Student Journey Gap Analysis
Case study · AI Tools & Strategy · UX Design
How the study stays safe: no real student data is ever collected, the agents drive only a sanctioned test account, and the real people who validate the findings take part knowingly and by consent. A person makes every call the AI is not qualified to make.
No student data, and real people only by consent
The scaled testers are synthetic: AI agents built from the district’s aggregate enrollment demographics, not real people and carrying no real student’s record. The public findability tasks run on public web pages with no login. The signed-in tasks run on a single sanctioned OIT-controlled test account that is no real person and holds no real student data, staged and reset by OIT. No real student account is ever used at any point. Because agent-based usability testing counts only when people back it up, a small group of real people validates the findings, knowingly and with consent.
The model stays inside the district
The method is model-agnostic and built to run on a small language model kept inside district control, so student-facing testing never sends data to an outside service. That is the district’s data-sovereignty position. The study is led by the Student Support and Success domain (Domain 5), and its data-governance and security decisions are worked directly with the Strategy, Security and Governance domain (Domain 1), which owns that side.
Humans make the judgment calls
AI findings are always provisional. At least three people score each barrier’s severity independently and the reported severity is their mean, because the research shows AI is least reliable at judging severity. A small human sample re-runs some of the same tasks as a spot-check, compared on percent agreement about whether a barrier is present and a kappa on severity; synthetic runs scale only if that agreement holds, and if it is weak the study leans on the human sample instead. The AI expands reach; people decide what any finding means and what to do about it.
Transparency to staff
When a run will submit a form or message that reaches a real staff inbox, the offices that will receive it are notified in advance, close to the run and coordinated through the ARC; runs that only read or navigate public pages contact no one. Every such message carries a clear line stating it is an AI usability test from a sanctioned test student account, not a real student, and asks staff to answer as they would for a real student. Staff always know a test is a test.
Access is phased and gated
Access deepens only with permission. Phase 1 touches nothing beyond the public web and runs under the tri-chairs’ approval already in hand. Phase 2, the first time a district system is touched, is cleared by Domain 1 before it begins. Phase 3, the deepest access, waits on both the Salesforce platform being live and Domain 1’s sign-off. Between phases the method is audited and corrected on the safest data before it ever escalates.
Research permission and human-subjects care
The study secures permission at each level before it acts: Phase 1 runs under the tri-chairs’ approval, and any district-system access is cleared by Domain 1 first. For the human-facing parts, the small online validation sample and the in-person office walk-ins, the study will confirm with the college and the district whether the work requires Institutional Review Board (IRB) review or qualifies as exempt usability testing, and it will complete that determination before any human testing begins. Human participants give informed consent, and the in-person visits are conducted openly, so staff know a study is underway. The intent is to do this by the book, so the findings hold up and no participant is caught unaware.

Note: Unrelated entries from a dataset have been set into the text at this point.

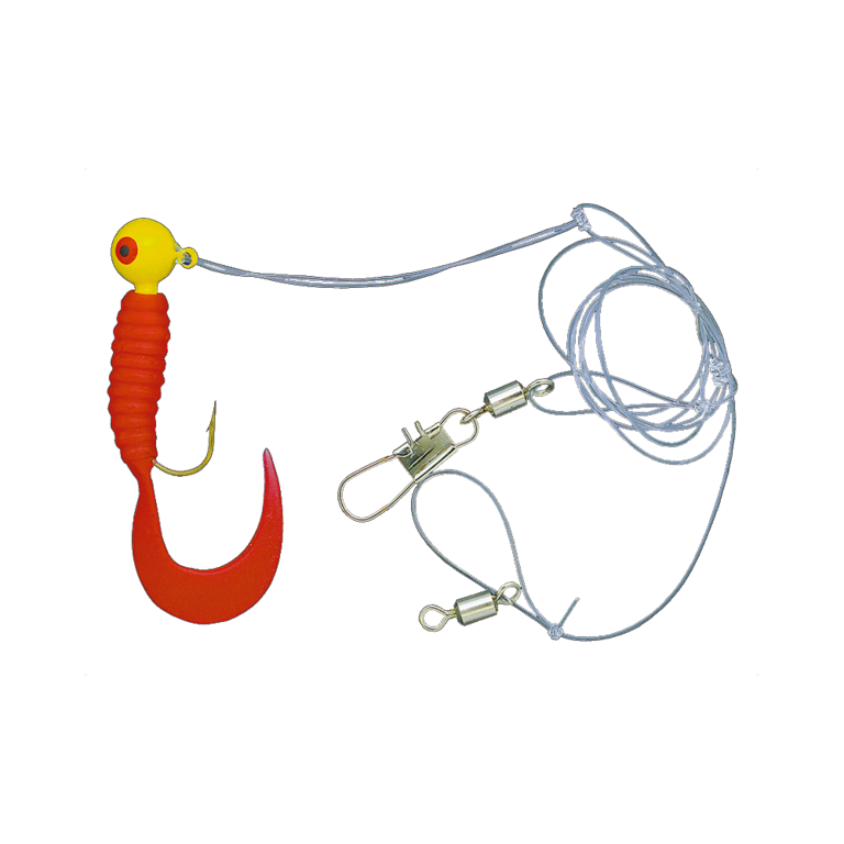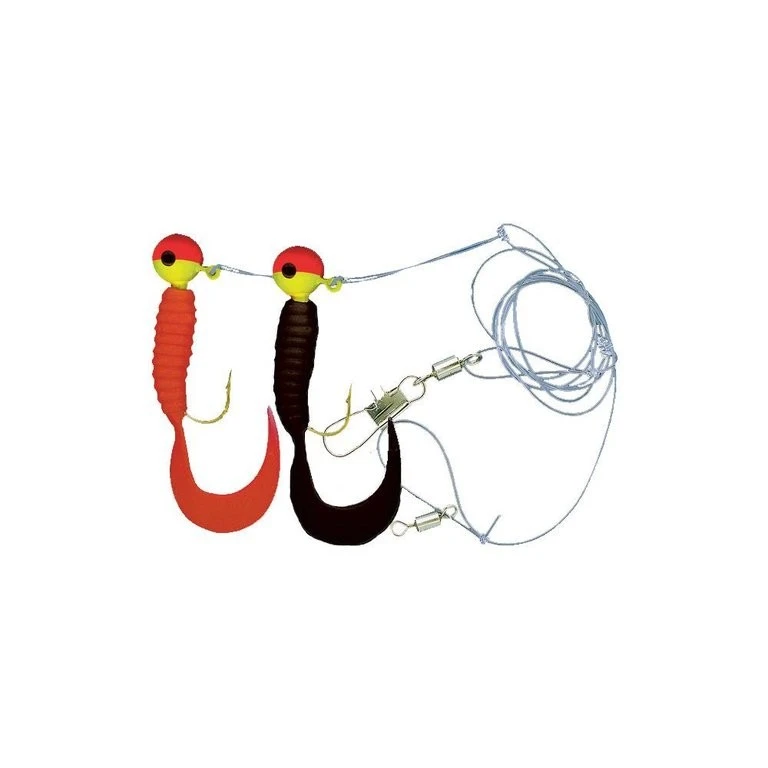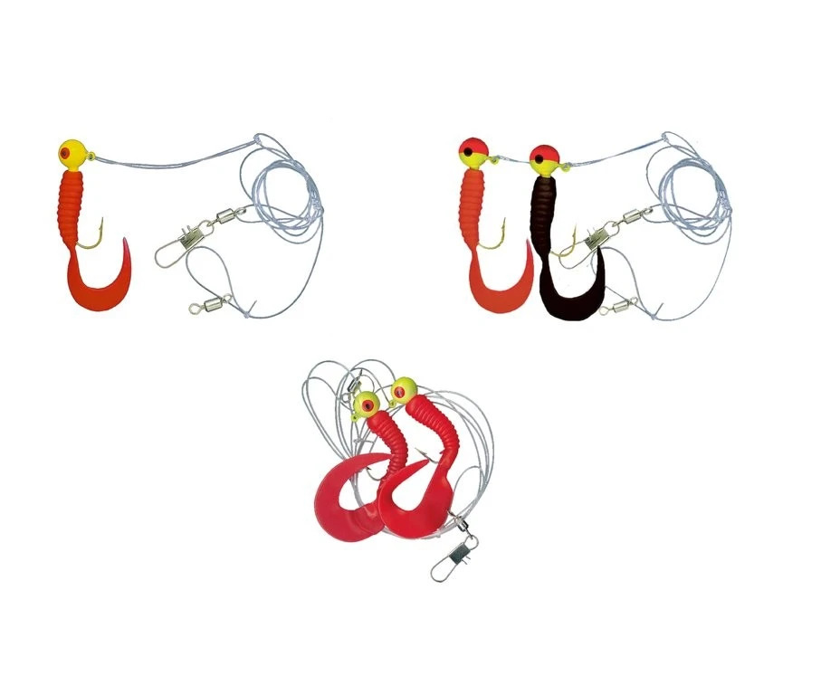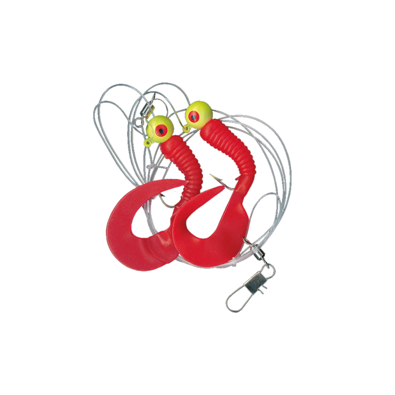 Dieses Twister-System gibt es in drei Farbvarianten, eine mit Einzeltwister und zwei mit Doppeltwister. Die Hakengröße ist 2/0,welche an einer 0,60mm starken Hauptschnur montiert sind.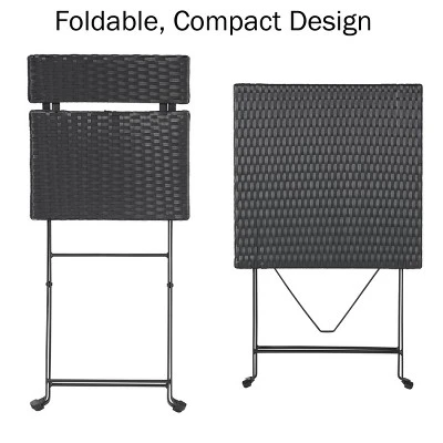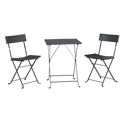 - STYLISH FUNCTION – The black rattan lends a contemporary look to this charming bistro table set. This functional seating combo features a versatile neutral design that will coordinate well with a variety of outdoor décor styles.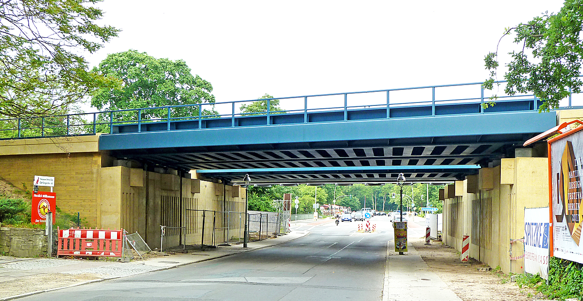 Im Zuge der Gesamtmaßnahme "Grunderneuerung S-Bahn Berlin S7 West" wurden für die Eisenbahnüberführung der Spanischen Allee die Über- und Unterbauten mit jeweils zwei Gleisen für S- und Fernbahn erneuert.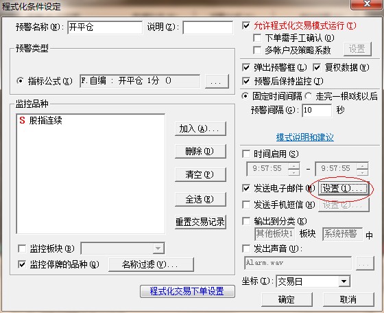 交易-后台程序化交易,然后随便弄个预警然后修改条件中测试下邮件发送是否可行。如果没有测试发送可能是您邮箱未开通smtp服务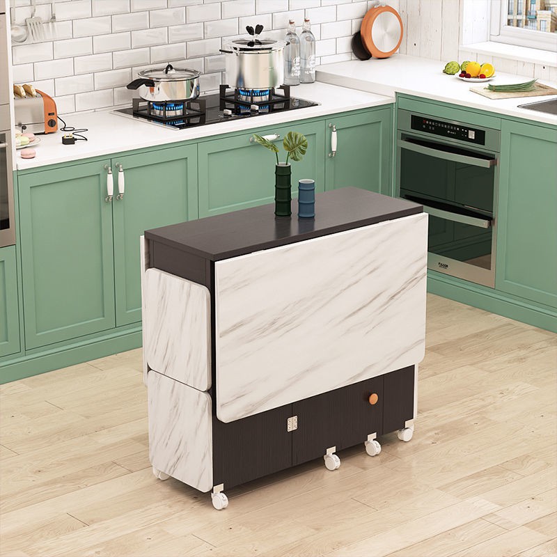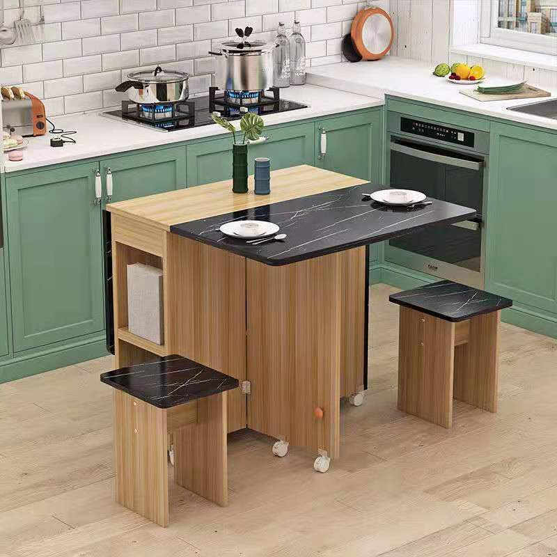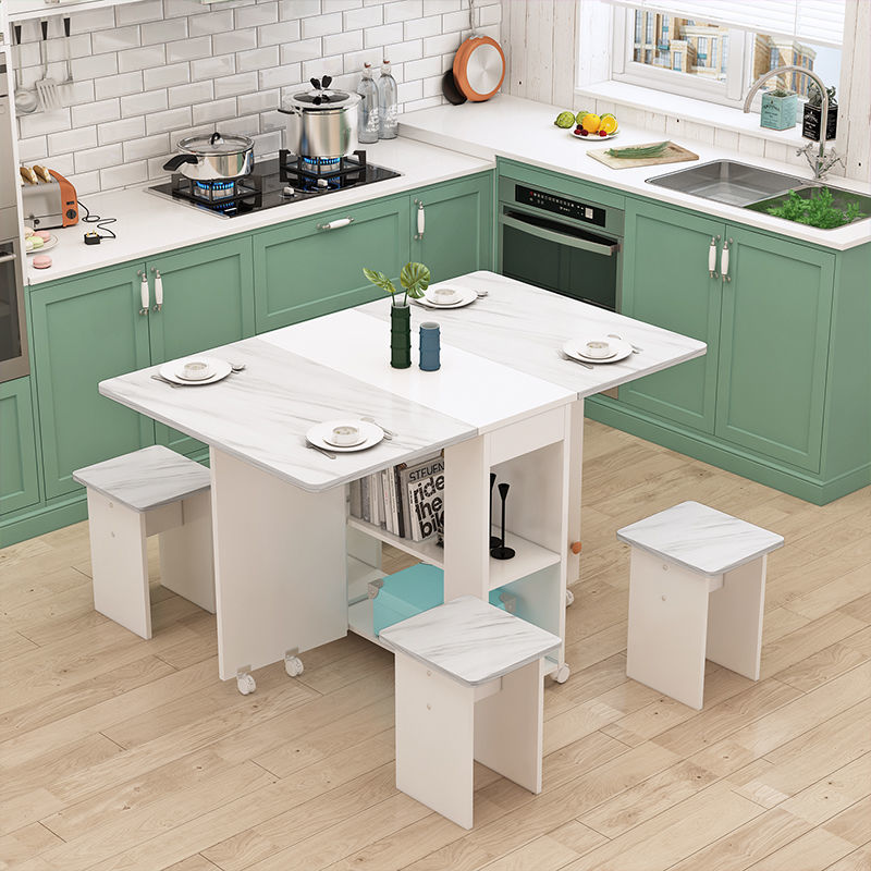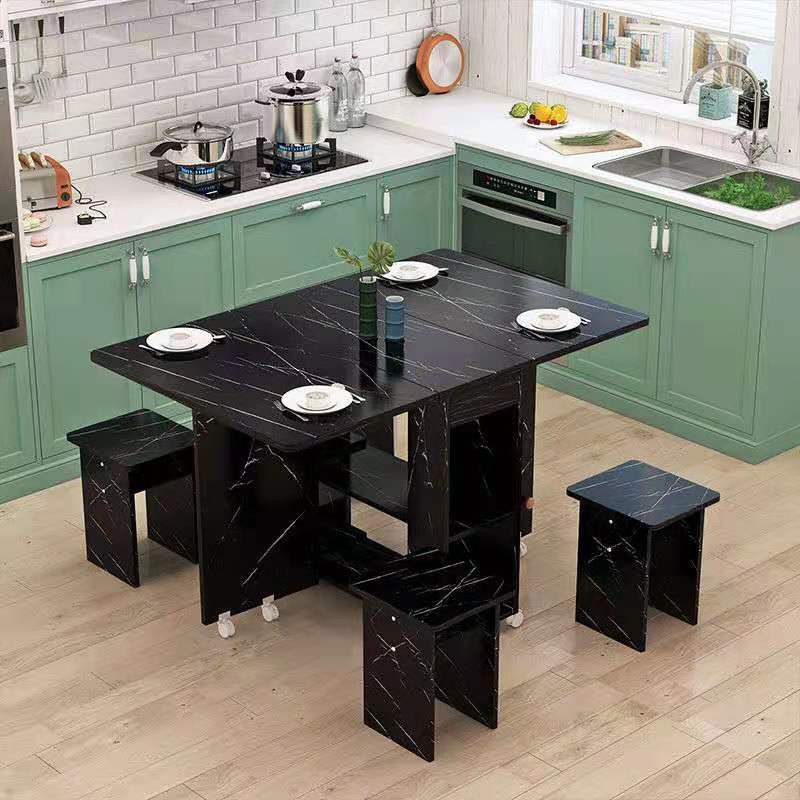 Foldable Dining Table Small Household Movable Pulley Telescopic Rectangular Simple dining table set Multi-functional Table for 4 People(with 4 Chairs)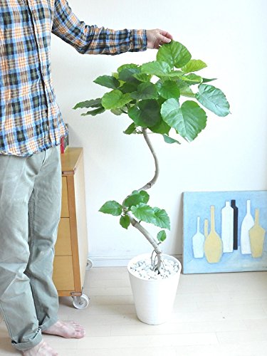 LAND PLANTS 【観葉植物】 ウンベラータ (3Dカーブ 白セラアート鉢)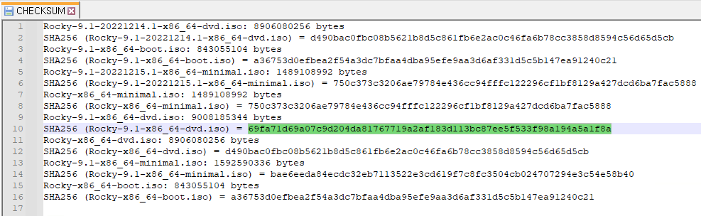 SHA256의 Rocky-9.1-x86_64-dvd.iso 해시: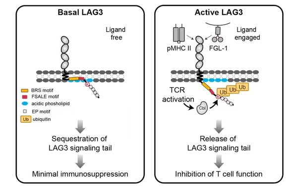 研究团队对LAG3蛋白的翻译后修饰(PTM)进行了系统分析,发现LAG3受体结合配体后,其K498位点发生快速多泛素化修饰。这一泛素化修饰是开启LAG3免疫抑制功能的分子开关:在静息状态时,LAG3的胞内关键信号域被埋藏在细胞膜中,隔离信号转导;当配体与LAG3受体结合后,泛素化修饰可促使LAG3胞内信号域从细胞膜中释放出来,有效激活LAG3的免疫检查点功能。这种由泛素化介导的“埋藏-释放”动态调控机制,揭示了一种全新的受体活化方式。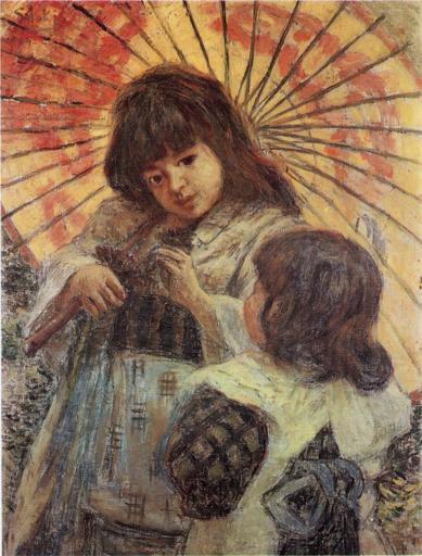 Keywords: AokiShigeru-1909-Two Girls.png Artwork ja 二人の少女 en Two Girls Creator Aoki Shigeru 1909 oil on canvas cm 60 5 45 5 ja 笠間日動美術館 en Kasama Nichidō Museum of Art 永伍 繁 の愛と放浪 日 放 出版協会 1979年 PD-Japan ja 1909年に恩師の森三美を頼って佐 を訪れた際 お らく 厄介になった礼として が森に贈った油彩画 Other versions <gallery>File AokiShigeru-1909-Two Girls-2 png Higher resolution PNG file</gallery> Shigeru Aoki |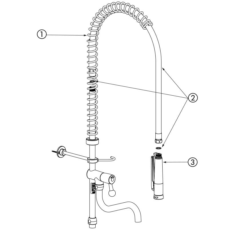Modell ohne Armatur, als Komplettset zur Reparatur bestehender Geschirrspülbrause-Garnituren.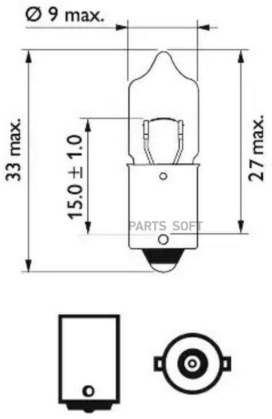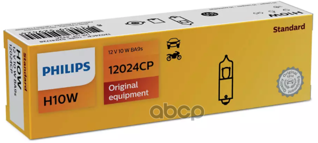 Лампа 24V 10W (стоп) металл. цок. (H10W / BA9s) (PHILIPS) Лампа накаливания автомобильная 12024CP 10W

Minimal data, no PII, no FERPA exposure
The study records counts and rates, never personally identifiable information and nothing FERPA-protected, since the personas are research instruments and the test account holds no real record. The barrier dataset lives on the district GitHub account the domain co-chair runs, with ARC access, and departments own their own numbers: the study aggregates and never exposes.
No one is replaced
Every fix is designed to take routine, repetitive work off advising, financial-aid, and support staff so their time goes to the students who need a person. Automation absorbs the four-hundredth identical question and the callback-triggering booking form, not the human judgment and connection staff provide. The study also weighs the compute cost of what it recommends, favoring the lightest option that solves the problem.